WASHINGTON: US President Donald Trump observed a moment of silence Monday at a White House ceremony marking the 16th anniversary of the September 11, 2001 attacks that killed nearly 3,000 people, reports AFP.
The observance, along with another at Ground Zero in New York, was held at 8:46 am (1246 GMT), the moment the World Trade Center in Manhattan was struck by the first of two hijacked airliners. The president, and his wife, Melania, placed their hands on their hearts and bowed their heads as a bell tolled and a Marine played the mournful Taps on a trumpet.
In all, four planes were hijacked by Al-Qaeda militants who used them to topple the trade center's twin towers and hit the Pentagon. The fourth plane crashed in a field in Pennsylvania. The attacks, the deadliest ever on US soil, killed 2,997 people, and plunged the United States into a chain of rolling wars against Islamic militants.

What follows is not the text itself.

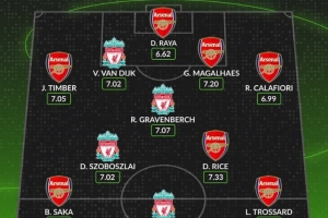 利物浦vs阿森纳本赛季评分最高阵:赖斯领衔枪手7人,索博在列

Memorial ceremonies were also being held in New York and at the Pentagon and Vice President Mike Pence was to deliver remarks in Shanksville, Pennsylvania, where the fourth plane crashed. Pence was also scheduled to tour the Flight 93 National Memorial Visitors Center and take part in a wreath-laying ceremony. Yet last year's 15th-anniversary ceremony became entangled in the narrative of a fractious presidential campaign when Democratic nominee Hillary Clinton left abruptly, stumbled into a van and ultimately revealed she'd been diagnosed days earlier with pneumonia.

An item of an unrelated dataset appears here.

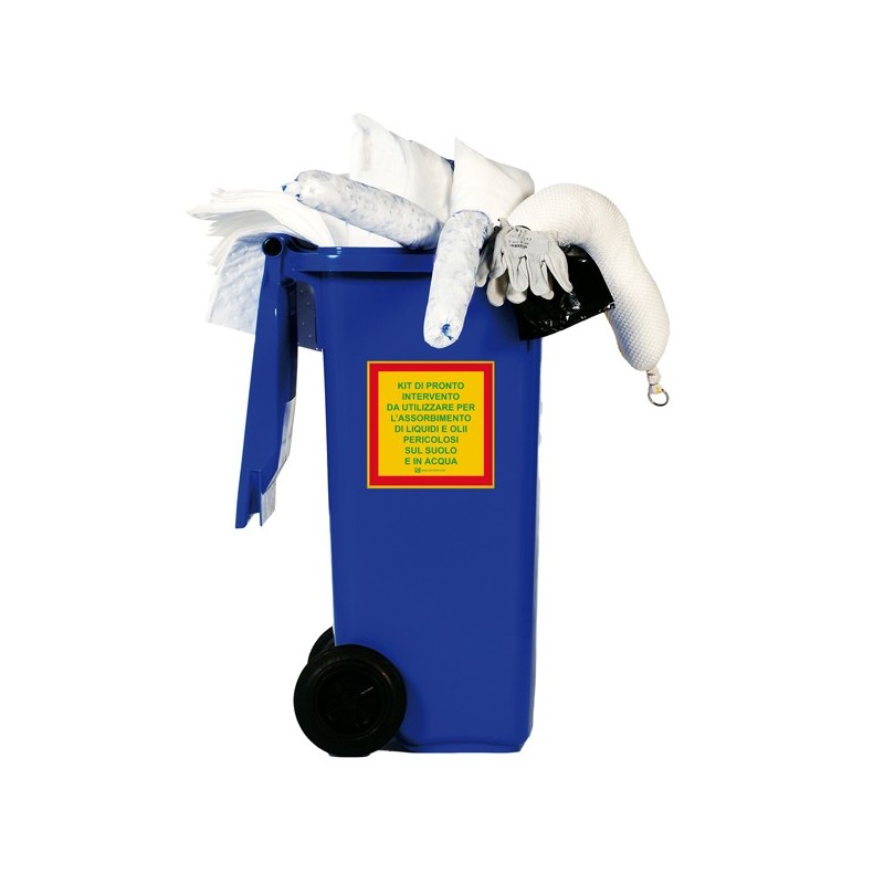 Kit di pronto intervento in contenitore carrellato da 120 lt. adatti per le industrie, aziende di trasporti, aeroporti, ferrovie, vigili del fuoco, scali marittimi, autostrade, aziende per la nettezza urbana. Confezionati in modo da soddisfare le problematiche di disinquinamento.Le nuove normative nazionali e comunitarie, riguardanti la sicurezza e la prevenzione sul lavoro, prevedono che vengano dislocati kit di pronto intervento per arginare ed assorbire eventuali fuoriuscite di liquidi pericolosi. Dimensioni: 48x56x93,5cm. Assorbimento minimo: 158lt. Contenuto: 50 panni 41x46cm; 6 cuscini 46x46cm; 12 calze ø7,6x122 cm; 1 kit protect.

The episode fed into questions that then-Republican-nominee Trump had repeatedly raised about Clinton's stamina and transparency. She took three days off to recover, and Trump used footage of her stagger in a campaign ad.
Trump has often invoked his memories of 9/11 to highlight his hometown's resilience and responders' bravery. Some of his recollections have raised eyebrows, particularly remarks while talking about Muslims that "thousands of people were cheering" in Jersey City, New Jersey, as the towers fell.